Problem to work on: Please set down the data word for word; images do not go in the copy.

Information shown:
⟨
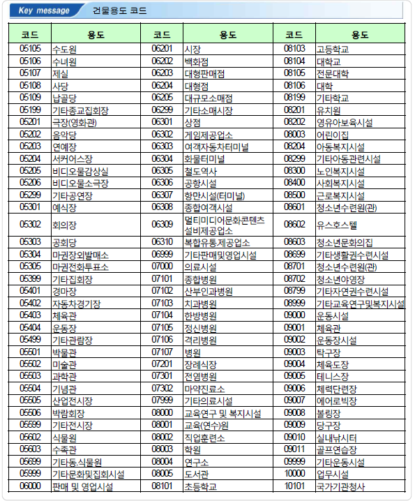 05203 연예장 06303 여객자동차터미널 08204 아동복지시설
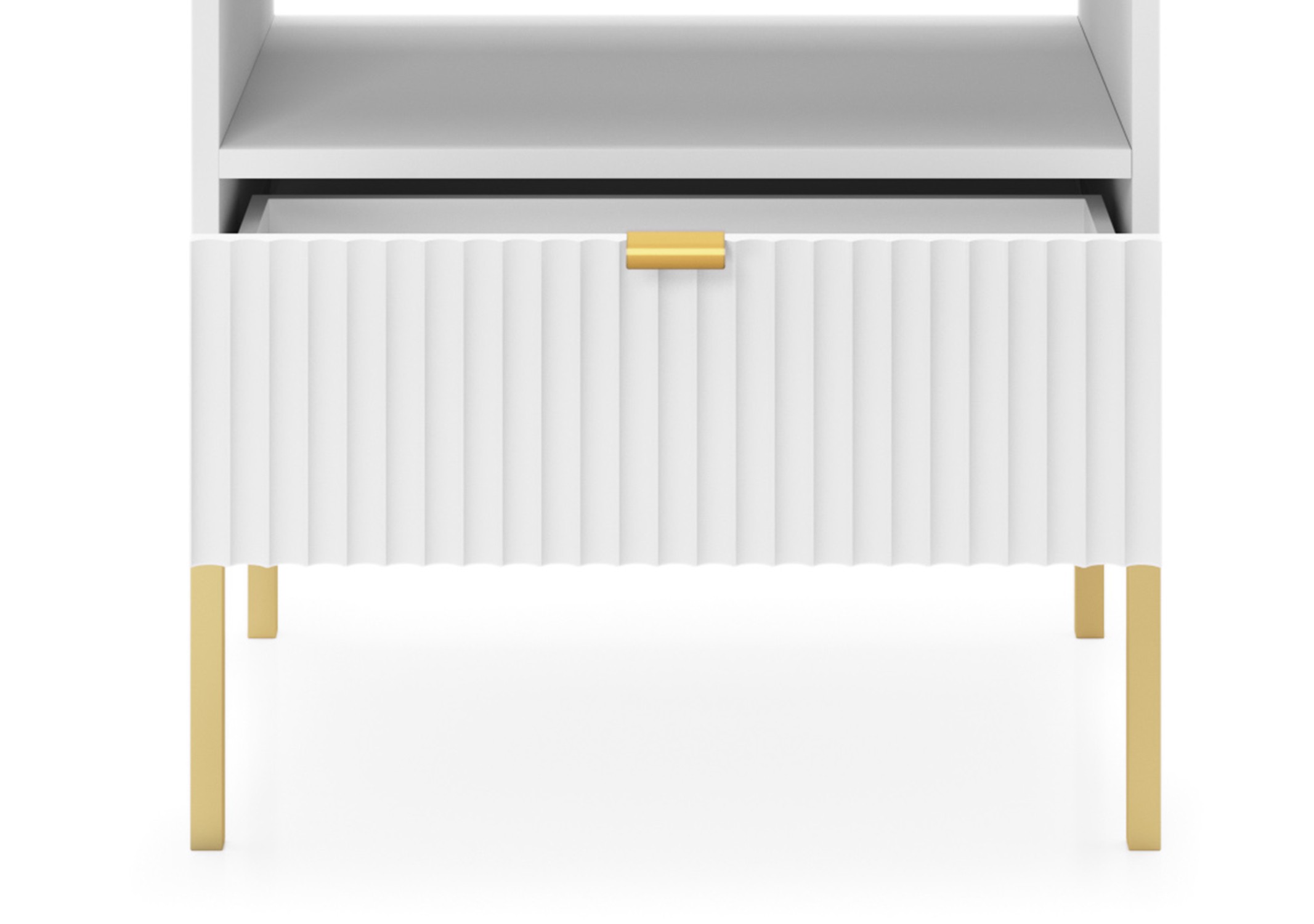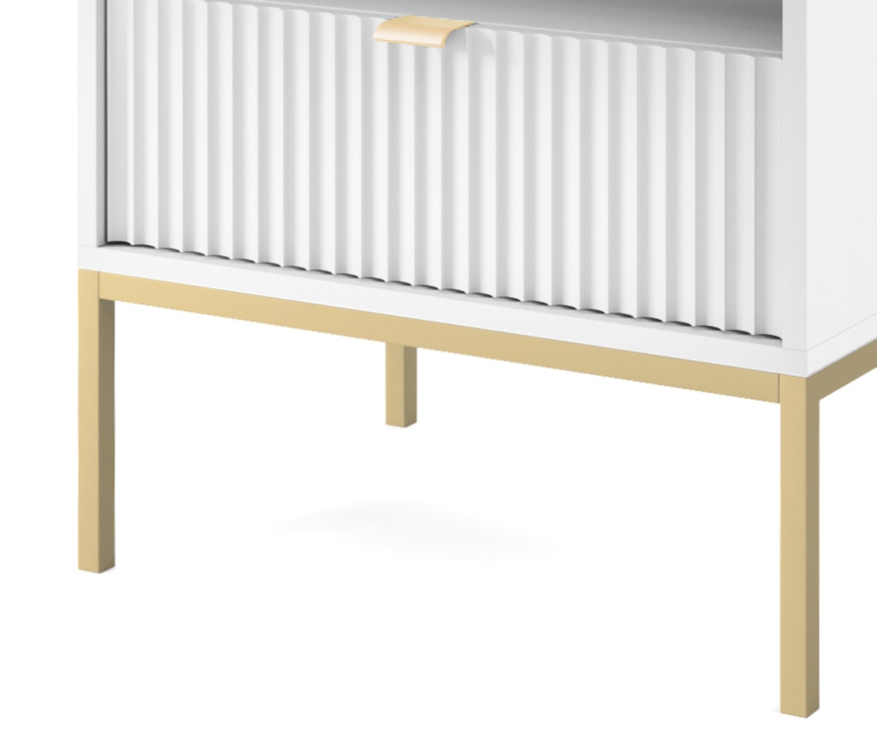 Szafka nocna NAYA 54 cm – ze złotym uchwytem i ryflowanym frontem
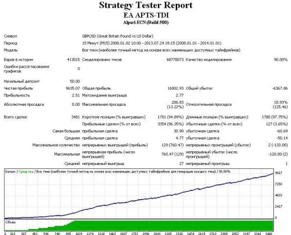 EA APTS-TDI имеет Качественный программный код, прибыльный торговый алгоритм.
⟩
Exercise result:
 05203 연예장 06303 여객자동차터미널 08204 아동복지시설
 Szafka nocna NAYA 54 cm – ze złotym uchwytem i ryflowanym frontem
 EA APTS-TDI имеет Качественный программный код, прибыльный торговый алгоритм.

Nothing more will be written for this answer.